A key moment to watch, Miller suggested, would be on 8 May, when the state department is due to issue a formal report on whether Israel is in compliance with international humanitarian law.

“I would be stunned if the administration made a judgment that the Israelis are out of compliance – in large part because Gaza is not the only issue,” Miller said.

Administration officials point to the fact that a major new war has not so far been ignited with Hezbollah in Lebanon as a success for US diplomacy, but the constant exchange of fire over Israel’s northern border is a reminder that the threat is still festering. Most observers expect a substantial conflict within a year.

Hezbollah would present a much more serious military challenge than Hamas, with a reputed arsenal of more than 100,000 missiles and rockets.

“If you begin this process of conditioning weapons, it will be seen as a very strong message to the world community that America no longer has Israel’s back,” the former senior official said.

“Hamas is the least of Israel’s problems. Putting conditions on arms would be a message to Hezbollah, to the Iranians, and the Syrians and the Houthis, who are looking around and trying to see if they can break Israel apart.”

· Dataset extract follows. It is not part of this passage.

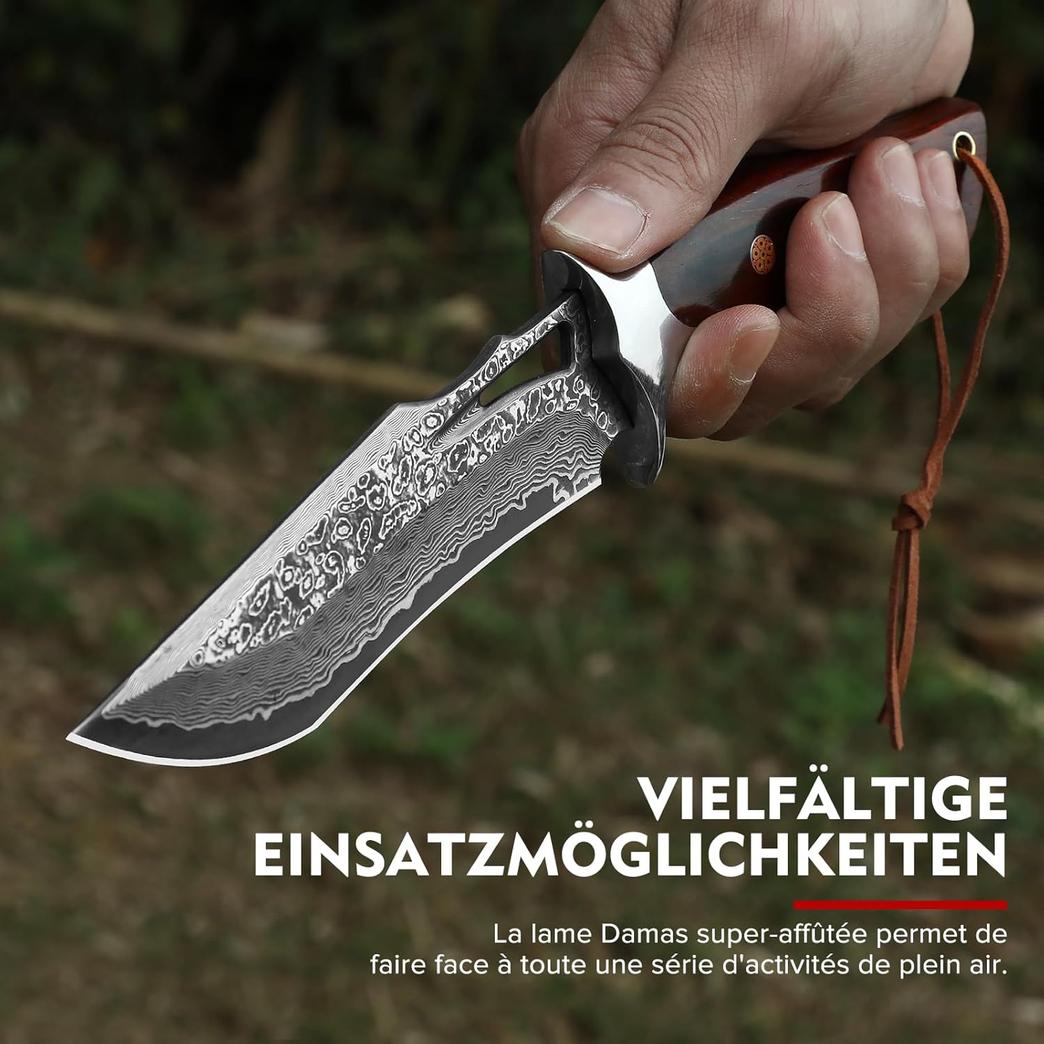 The Omesio Damascus Hunting Knife is a hand-forged masterpiece designed for durability, precision, and versatility. Crafted from 67 layers of premium Damascus steel, this fixed-blade knife combines exceptional sharpness, ergonomic handling, and a stylish wooden handle, making it ideal for outdoor enthusiasts, survivalists, and collectors alike.

The Biden administration also believes that conditionality would not work as leverage on Benjamin Netanyahu’s rightwing coalition, which galvanises its core supporters by defying Washington.

“The idea that the Israelis would simply roll over and say: we give up? I don’t buy it,” Miller said. “It’s not just Netanyahu. It’s the entire government, it’s the public, which does not prioritise aid deliveries. They have not been exposed to the appalling humanitarian catastrophe in Gaza.”

The Israeli government would not just ignore US signals, political observers say. Netanyahu would go further, most likely coming to the US to make common cause with Republicans, and imply that Biden had betrayed Israel in the face of terrorism.

Netanyahu did the same to Barack Obama in 2015 when Republicans invited him to address a joint session of Congress. The current speaker, Michael Johnson, has said he plans to invite Netanyahu again at the height of an election year, an election in which the Israeli leader clearly favours Donald Trump.

At home, Biden’s material support of Israel has alienated Arab-Americans, other minorities, young and progressive Democrats, and as a result has jeopardised his prospects for winning the key swing state of Michigan at the very least, and with it possibly the whole general election.

A policy U-turn now would not be guaranteed to win those votes back, while it would risk alienating the instinctively pro-Israel parts of the Democratic coalition.

“Within the Democratic coalition, there’s a very strong group of people, primarily American Jews, who would want a different government in Israel, but remain committed to the support of Israel,” Henry Olsen, a senior fellow at the Ethics and Public Policy Center, said.

The last president to threaten to block weapons supplies to Israel was Republican Ronald Reagan, while the last Democratic president to seriously alienate Jewish Americans in his own party was Jimmy Carter, who authorised secret contacts in 1979 with the Palestinian Liberation Organisation, and paid an electoral price the following year, losing the 1980 election.

“There are many key states, like Pennsylvania or Arizona, that have a small but sizable Jewish constituency,” Olsen said.

Progressive Democrats argue that the scale of the humanitarian catastrophe, and the implications of potential US complicity in it, render such traditional political calculations obsolete. The sheer scale of the tragedy makes the unthinkable thinkable, they say.

“I think President Biden has surrounded himself with a lot of people who are hawkish, who are deeply aligned with the rightwing lobby of Aipac [American Israel Public Affairs Committee, the main Israeli lobby in the US],” Usamah Andrabi, communications director for Justice Democrats, said. “He should instead align himself with the voters that got him elected in the first place.”

Andrabi added: “At a certain point, the administration and our party have to ask ourselves, what are we willing to be complicit in?”